Recorded information:

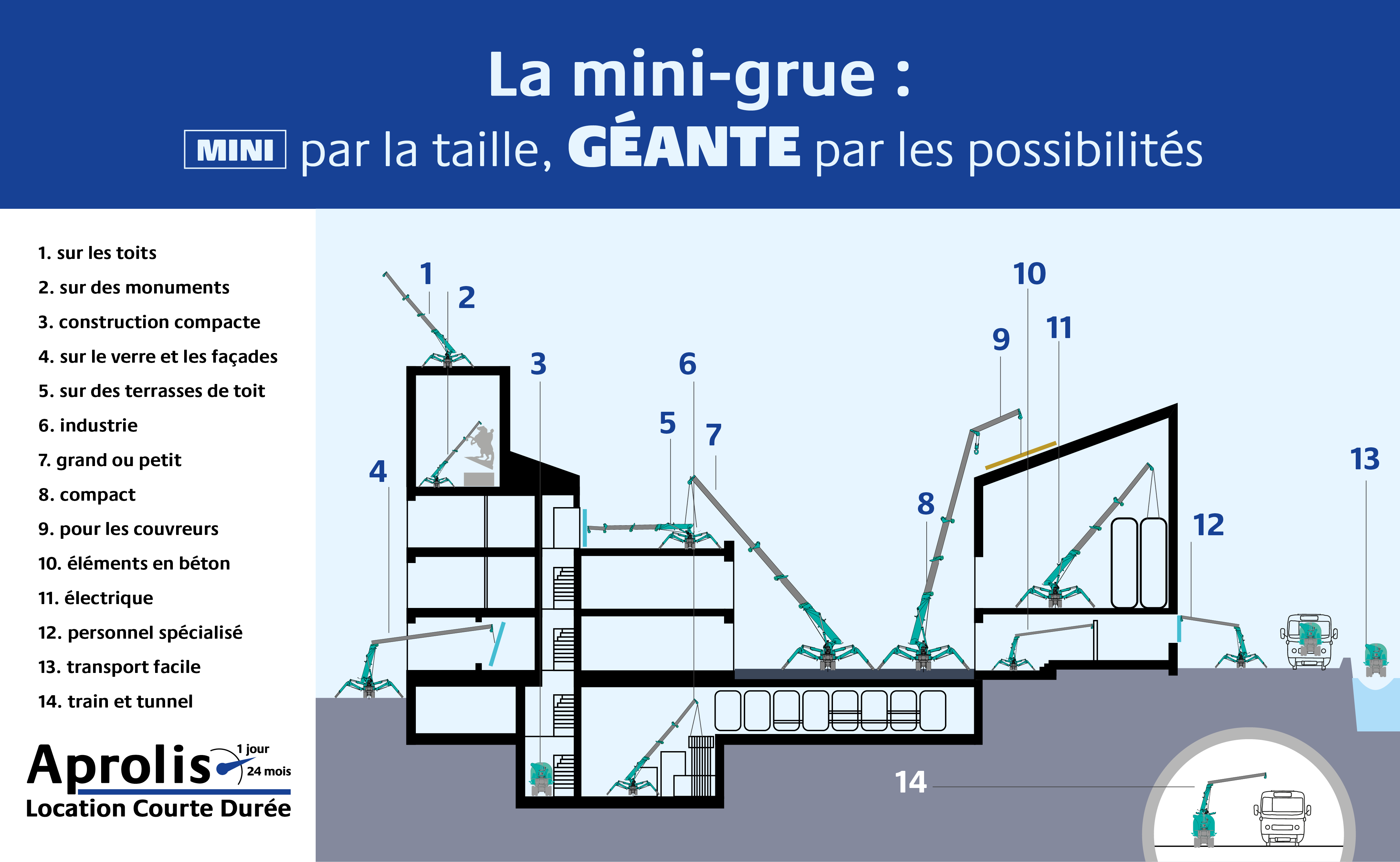 Aprolis Location mini-grue, la seule offre de location de mini-grue partout en France.
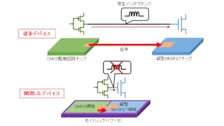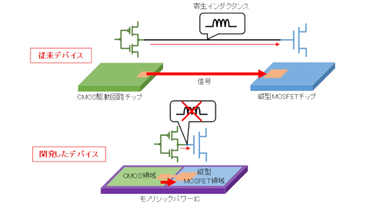 Das konzeptionelle Schema des monolithischen SiC-Leistungs-ICs zeigt Bild 1. Üblicherweise sind der CMOS-Treiber und der vertikale MOSFET auf separaten Chips untergebracht, und sind über Bonddrähte oder Leiterbahnen miteinander verschalten. Die parasitären Induktivitäten der Verdrahtung beeinträchtigen den Schaltvorgang und erhöhen die Verluste. Das monolithische Leistungs-IC minimiert die Länge der Signalverdrahtung und damit Größe und Gewicht von Umrichtern sowie die parasitäre Induktivität.
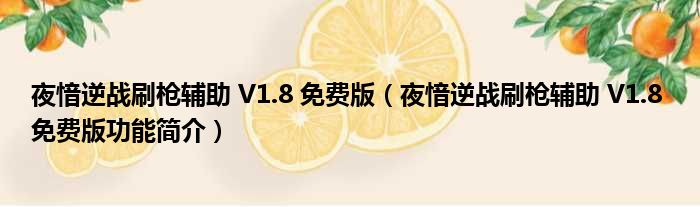 夜愔逆战刷枪辅助 V1.8 免费版(夜愔逆战刷枪辅助 V1.8 免费版功能简介)
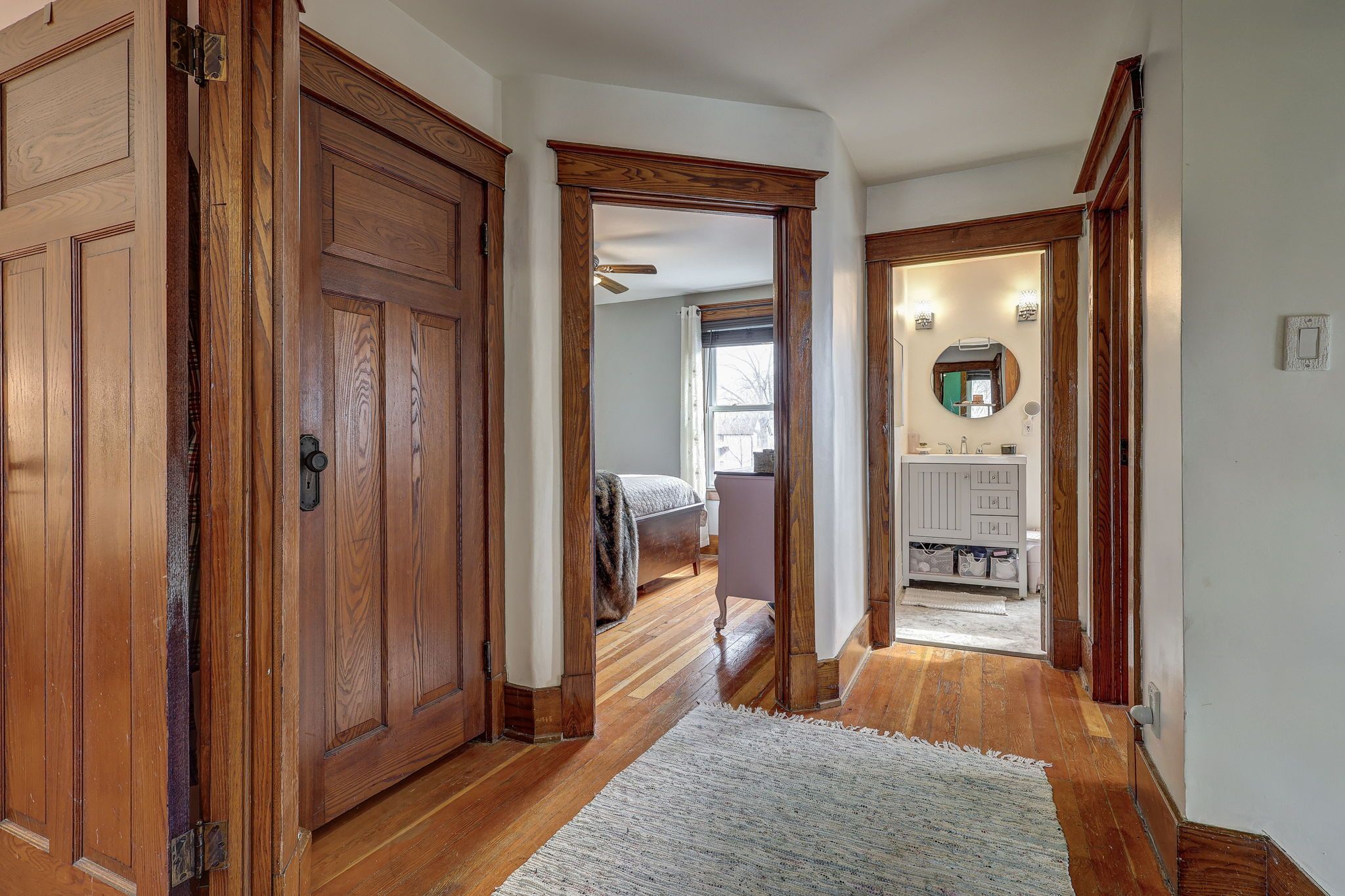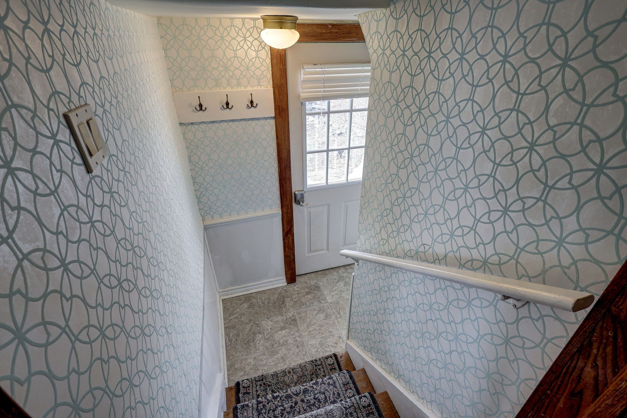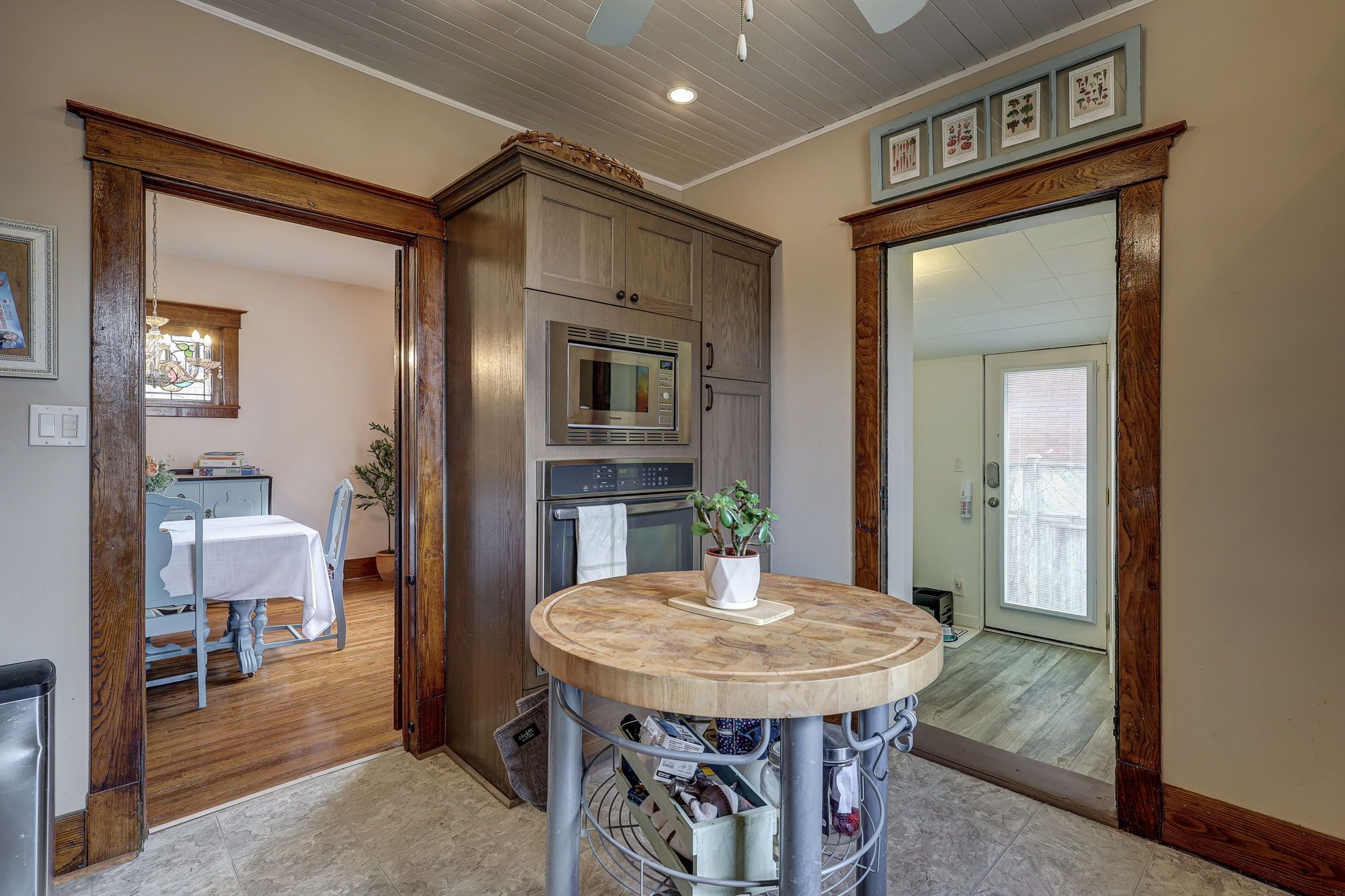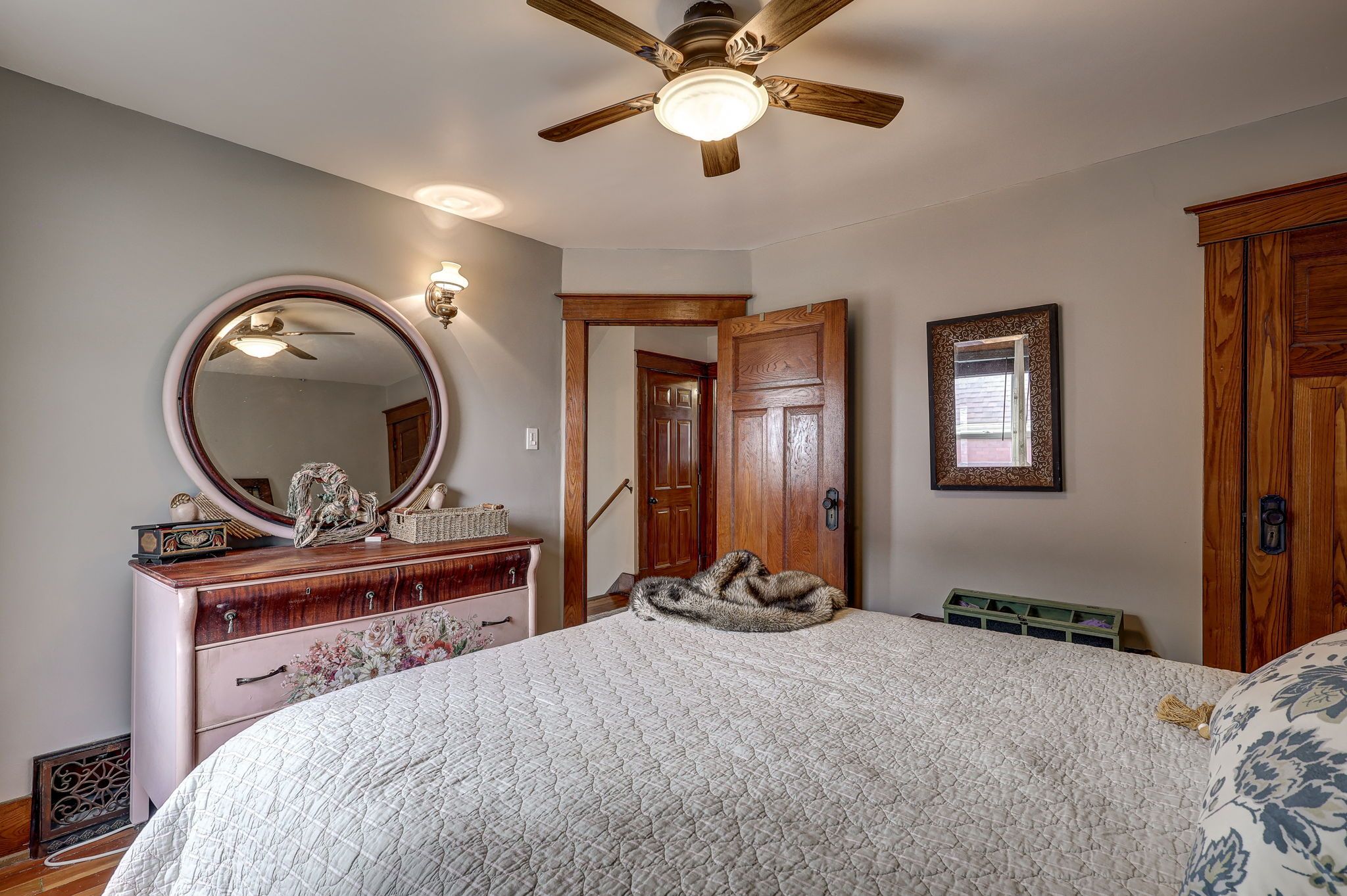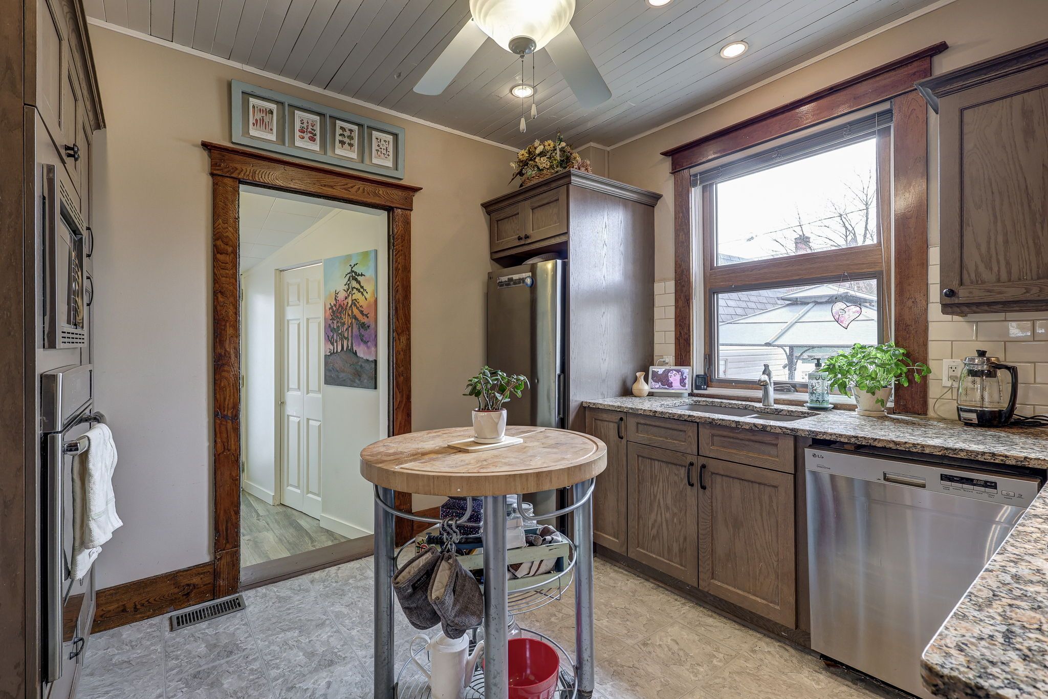 • Bright main level features original hardwood flooring and stained glass windows.

What to produce:
The output has to match the data above line for line, except that pictures are dropped.

Answer box:
 Aprolis Location mini-grue, la seule offre de location de mini-grue partout en France.
 Das konzeptionelle Schema des monolithischen SiC-Leistungs-ICs zeigt Bild 1. Üblicherweise sind der CMOS-Treiber und der vertikale MOSFET auf separaten Chips untergebracht, und sind über Bonddrähte oder Leiterbahnen miteinander verschalten. Die parasitären Induktivitäten der Verdrahtung beeinträchtigen den Schaltvorgang und erhöhen die Verluste. Das monolithische Leistungs-IC minimiert die Länge der Signalverdrahtung und damit Größe und Gewicht von Umrichtern sowie die parasitäre Induktivität.
 夜愔逆战刷枪辅助 V1.8 免费版(夜愔逆战刷枪辅助 V1.8 免费版功能简介)
 • Bright main level features original hardwood flooring and stained glass windows.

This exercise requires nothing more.